Однако, если здесь у автора со структурой в отношении островка, дом и дочери хорошо, то вот с первой сценой серьёзные проблемы. Первой сцене, согласен, ни капли не веришь. Так люди и правда не говорят, и сами школьные реалии тех мест автор показал слабо и неубедительно. Вообще наиболее сложные в худ.литературе, нам мой взгляд, это диалоги и характеры, которые бывают очень связаны.

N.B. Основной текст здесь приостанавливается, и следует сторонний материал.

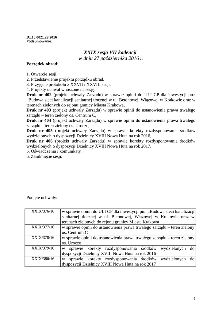 Dz.18.0021.29.2016 Podsumowanie: XXIX sesja VII kadencji w dniu 27 października 2016 r. Porządek obrad: 1. Otwarcie sesji. 2. Przedstawienie projektu porządku obrad. 3. Przyjęcie protokołu z XXVII i XXVIII sesji. 4. Projekty uchwał wnoszone na sesję: Druk nr 402 (projekt uchwały Zarządu) w sprawie opinii do ULI CP dla inwestycji pn.: „Budowa sieci kanalizacji sanitarnej tłocznej w ul. Betonowej, Wiązowej w Krakowie oraz w terenach zielonych do rejonu granicy Miasta Krakowa, Druk nr 403 (projekt uchwały Zarządu) w sprawie opinii do ustanowienia prawa trwałego zarządu – teren zielony os. Centrum C, Druk nr 404 (projekt uchwały Zarządu) w sprawie opinii do ustanowienia prawa trwałego zarządu – teren zielony os. Urocze, Druk nr 405 (projekt uchwały Zarządu) w sprawie korekty rozdysponowania środków wydzielonych o dyspozycji Dzielnicy XVIII Nowa Huta na rok 2016, Druk nr 406 (projekt uchwały Zarządu) w sprawie korekty rozdysponowania środków wydzielonych o dyspozycji Dzielnicy XVIII Nowa Huta na rok 2017. 5. Oświadczenia i komunikaty. 6. Zamknięcie sesji. Podjęte uchwały: XXIX/376/16 XXIX/377/16 XXIX/378/16 XXIX/379/16 XXIX/380/16 w sprawie opinii do ULI CP dla inwestycji pn.: „Budowa sieci kanalizacji sanitarnej tłocznej w ul. Betonowej, Wiązowej w Krakowie oraz w terenach zielonych do rejonu granicy Miasta Krakowa w sprawie opinii do ustanowienia prawa trwałego zarządu – teren zielony os. Centrum C w sprawie opinii do ustanowienia prawa trwałego zarządu – teren zielony os. Urocze w sprawie korekty rozdysponowania środków wydzielonych do dyspozycji Dzielnicy XVIII Nowa Huta na rok 2016 w sprawie korekty rozdysponowania środków wydzielonych do dyspozycji Dzielnicy XVIII Nowa Huta na rok 2017 1 Dz-18.0021.29.2016 PROTOKÓŁ XXIX SESJI RADY DZIELNICY XVIII Nowa Huta XXIX sesja Rady Dzielnicy XVIII Nowa Huta odbyła się 27 października 2016 r. w siedzibie Dzielnicy XVIII os. Centrum B 6. W załączeniu: 1) Lista obecności radnych – zał. nr 1, 2) Autopoprawka do Druku Nr 405 – zał. nr 2. 3) Autopoprawka 2 do Druku Nr 405 – zał. nr 3. 4) Autopoprawka do Druku Nr 406 – zał. nr 4. 5) Oryginały uchwał – zał. nr 5. XXIX sesję Rady Dzielnicy XVIII Nowa Huta otworzył o godz. 18.00 Przewodniczący Rady i Zarządu Dzielnicy XVIII, Pan Stanisław Moryc, który serdecznie przywitał obecnych na sali i stwierdził quorum. Na prośbę Mieszkańców Przewodniczący udzielił głosu Sekretarzowi Duszpasterskiej Rady Parafialnej – Parafia pw. Św. Bartłomieja Apostoła, który podziękował za zaangażowanie Rady Dzielnicy i zadeklarował pomoc Rady Parafialnej w rozwiązanie problemu dotyczącego przeniesienia kapliczki. Mieszkanka bloku 17 z os. Willowego poinformowała, że zdecydowana większość Wspólnoty wyraziła zgodę na przyjęcie kapliczki przy ich bloku. Zwróciła się z prośbą o ponowne wystąpienie do Prokuratury o ochronę uczuć religijnych i zakłócanie miru społecznego. Przewodniczący Stanisław Moryc oświadczył, że skieruje wniosek do Prokuratury dotyczący ochronę uczuć religijnych i zakłócanie miru społecznego. W związku z powyższym stwierdził, że procedowanie nad lokalizacją kapliczki do czasu wyjaśnienia sprawy przez Prokuraturę wydaje się bezcelowe. Obecnie Kapliczka została zabrana do renowacji przez ZZM, po renowacji będzie złożona w godnym miejscu w Opactwie do czasu poczynienia niezbędnych ustaleń. 2. Przedstawienie projektu porządku obrad. Przewodniczący przystąpił do zatwierdzenia porządku obrad. Projekt porządku został przesłany pocztą elektroniczną lub doręczony do skrytek wraz z zaproszeniem na sesję. Projekt porządku obrad obejmował: 1. Otwarcie sesji. 2. Przedstawienie projektu porządku obrad. 3. Przyjęcie protokołu z XXVII i XXVIII sesji. 4. Projekty uchwał wnoszone na sesję: Druk nr 402 (projekt uchwały Zarządu) w sprawie opinii do ULI CP dla inwestycji pn.: „Budowa sieci kanalizacji sanitarnej tłocznej w ul. Betonowej, Wiązowe w Krakowie oraz w terenach zielonych do rejonu granicy Miasta Krakowa, Druk nr 403 (projekt uchwały Zarządu) w sprawie opinii do ustanowienia prawa trwałego zarządu – teren zielony os. Centrum C, Druk nr 404 (projekt uchwały Zarządu) w sprawie opinii do ustanowienia prawa trwałego zarządu – teren zielony os. Urocze, Druk nr 405 (projekt uchwały Zarządu) w sprawie korekty rozdysponowania środków wydzielonych o dyspozycji Dzielnicy XVIII Nowa Huta na rok 2016, 2 Druk nr 406 (projekt uchwały Zarządu) w sprawie korekty rozdysponowania środków wydzielonych o dyspozycji Dzielnicy XVIII Nowa Huta na rok 2017, Druk nr 407 (projekt uchwały Zarządu) w sprawie lokalizacji kapliczki umiejscowionej pierwotnie w os. Willowe 17 i 21. 5. Oświadczenia i komunikaty. 6. Zamknięcie sesji. Prowadzący wycofał Druk nr 407 w sprawie lokalizacji kapliczki umiejscowionej pierwotnie w os. Willowe 17 i 21 z pod obrad sesji. Nie wpłynęły żadne propozycje zmiany dotyczące porządku obrad. Prowadzący poddał pod głosowanie przyjęcie porządku obrad ze zmianą. Wyniki głosowania: Głosowało: 20 radnych Za głosowało – 20 radnych Przeciw 0 Wstrzymało się 0 Wniosek uzyskał wymaganą większość. Prowadzący stwierdził, że zgodnie z § 18 ust. 6 Statutu Dzielnicy XVIII projekt porządku obrad wraz z wprowadzonymi zmianami stanowi porządek obrad XXIX sesji. 3. Przyjęcie protokołu z XXVII i XXVIII sesji. Przewodniczący Stanisław Moryc poinformował radnych, że do protokołu z XXVII sesji została przekazana informacja Zarządu dla radnego Edwarda Wursta wyjaśniająca ilość głosów jakie zostały policzone w zakresie wniosku o sprostowanie. Przewodniczący stwierdził, że przyjmuje protokół z XXVII i XXVIII sesji bez wniesionych uwag. 4. Projekty uchwał wnoszone na sesję. Przystąpiono do procedowania uchwał: Druk nr 402 - projekt Zarządu – referent Marek Kurzydło, pozytywna opinia Komisji Plano

Притом характеры я бы отнёс не только к персонажам, но и вообще ко всем предметам описания…
Начну издалека.
Когда читаешь этот отрывок повести (весь отрывок), возникает чувство, что автор хоть и знает в общих чертах, что он хочет сказать в отрывке, и как это «высказывание» структурировать, всё-таки не дотягивает по… точности и зримости картинки. Вот вроде бы описан конкретный остров: «В Малокурильском без перемен. Вечное серенькое небо поздней зимы, вечный ветер в спину, скользкий лед и снег под ногами, неровная дорога, на которой так легко запнуться, бродячие собаки на помойке, темная вода в полукилометре отсюда. Бухта не замерзает, обледенели только пришвартованные у берега баркасы. И темнеет вдали громада комбината, всосавшего в себя все рабочие руки на острове». Но потом задумаешься, а почему не запечатляется в памяти этот образ острова? Хорошо ведь написано. Вернёшься к описанию и поймёшь — а ничего по сути об острове и не сказано. Стоит убрать первое предложение, и уже неясно, где ты находишься — описание подходит, наверное, под тысячи северных посёлков, а то и промышленных городов. Ну вот особенно с бродячими собаками на помойке и тёмной водой (загрязнённой вы имеете ввиду? Тогда неясно). Разве это характеризует как-то остров? Да, с бухтой и громадой комбината, всосавшей все рабочие руки острова — хорошо, но это ведь тоже неконкретная характеристика. Хочется понять, что это действительно остров, притом Малокурильский, что в нём есть свои особенные дома, особенные люди, особенный вид на горизонт, особенные собаки, особенные развязки дорог (например). Также и в отношении дома, и дочери. Всё как-то характерно, но без характера.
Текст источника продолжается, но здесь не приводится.